Таких книг еще немного. Два-три классика и несколько справочников. Все они оттеснены на второй план либо визгом экспертов, либо таким же судорожным почтением, от которого скулы сводит зевотой. О, эти эксперты!
Сколько из них пишут двумя руками в разные стороны. Хорошо живут.
Чего они не хотят, еще можно иногда понять, – чтобы над ними смеялись. Но понять, чего они хотят…
2
Дорогой дядя!
До сих пор – сначала воевали, потом – обсуждали последствия. Теперь обсуждать было бы некому. Все это знали. Но некоторые тянули понтяру. Мне надо было узнать – стоит ли хлопотать в принципе. Мало ли.
Я прикинул, сколько лет до Апокалипсиса, если ничего не придумать, и главное – не предпринимать, и наугад залетел в не слишком далекое будущее, чтобы точно знать, был все же Апокалипсис или нет. Оказалось, нет. Ну и слава богу.

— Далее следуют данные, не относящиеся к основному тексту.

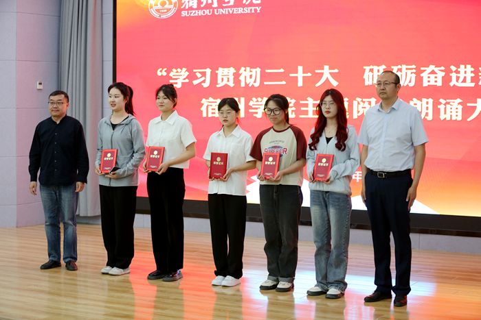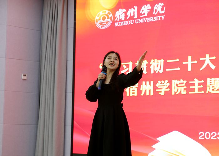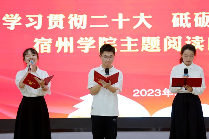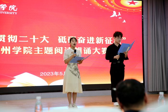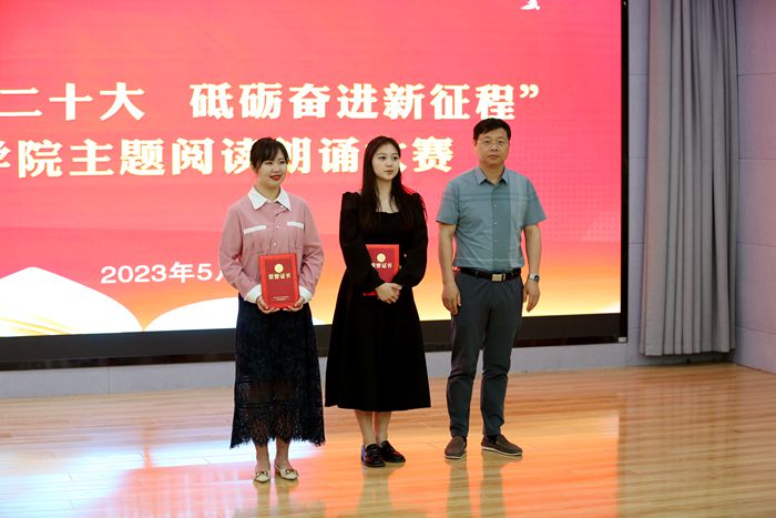 本次比赛是我院学习宣传贯彻党的二十大精神的主题宣传教育重点活动之一,由宣传部、团委主办,文学与传媒学院承办,来自二级学院的11支代表队参加了比赛。比赛现场,选手们精神饱满,围绕“学习贯彻二十大 砥砺奋进新征程”的主题,或集体朗诵,或个人诵读,为现场的师生带来了一场场精彩的视听盛宴。作品《千秋》讲述了建党百年以来,中国共产党带领全国各族人民实现从站起来、富起来到强起来的伟大飞跃。作品《青春华章》,真挚地表达了师生对党和祖国的无限热爱,展现了新时代中国青年的昂扬风貌,抒发了师生接续奋斗、再立新功的决心和信心。“吾辈何其幸,得以炎黄名”“强国有我,请党放心”,铿锵有力的声音,深厚真挚的情感,引起在座观众们的共鸣,赢得台下观众的阵阵掌声。

Но я вздохнул с облегчением только у самых ажурных ворот. Я видел такие у библиотеки Ушинского, но теперь их поставили на краю огромной долины, раскинувшейся внизу, к которой вела лента эскалатора.

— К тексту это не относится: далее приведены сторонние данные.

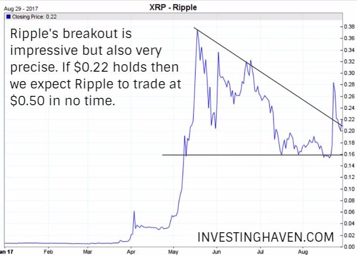 We do not base our trading decisions on articles. However, there are sufficient fundamental drivers which make us believe that Ripple is here to stay. Combined with the breakout on its price chart we expect Ripple to trade at $0.50 by the end of 2017. Chart courtesy: Goldchartsrus.

Солнце стояло еще высоко, но уже вечерело. Сладостный покой охватил меня. Если вечереет, значит, Земля вращается, значит, она есть, и я не бесплотный путник на другой планете. И все при мне, и я не голова на паучьих ножках, и у меня не вырос третий глаз мутанта.

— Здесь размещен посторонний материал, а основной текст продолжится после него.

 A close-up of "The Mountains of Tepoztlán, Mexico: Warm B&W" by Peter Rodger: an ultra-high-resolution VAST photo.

Я прислушался. Раздавалась дальняя музыка. Из долины, наверно.
– Эй! – окликнули меня.
У ворот, в тени колонны, со старой кушетки поднимался сонный страж. Кушетка была такая же, как у нас. Это меня обеспокоило. Поймав мой взгляд, он сказал с гордостью:
– Антиквариат.
– Безвкусица…
– О вкусах не спорят, – сказал он.
Слава богу, хоть этого они достигли. Превратили пустое пожелание в поведение. Он лежал себе в тенечке в трусиках хорошего качества и был нормального сложения, даже полноват.
– Сейчас, переоденусь, – сказал он.
И вытащил из-под кушетки тяжелый плащ и карманный фонарь.
Фонарь вспыхнул прожекторно и лазерно, как пламенный меч, и даже несколько затмил вечернее солнце. Я зажмурился.
– Зачем все это? – спросил я привратника будущего.
– У нас считают, что иначе вы не поверите, что вы здесь.
– До сих пор считают? – спросил я.
– Мы изучаем ваши воззрения. Они хаотичны.
– Да, верю я, верю!.. Он погасил фонарь.
– Жарковато… Он снял плащ.
– Ты вообще чего приперся? – спросил он.
– Да вот…
– Покажи руку.
Я протянул. Он внимательно ее осмотрел. Я пожал его руку, он ответил на рукопожатие и отпустил. Потом достал из-под кушетки хорошо изданную книгу, уселся и углубился читать.
Я пошел к воротам. Он поднял голову:
– Ты чего это?
– А?
– Топай назад.
Я остановился и осознавал. Потом обиделся.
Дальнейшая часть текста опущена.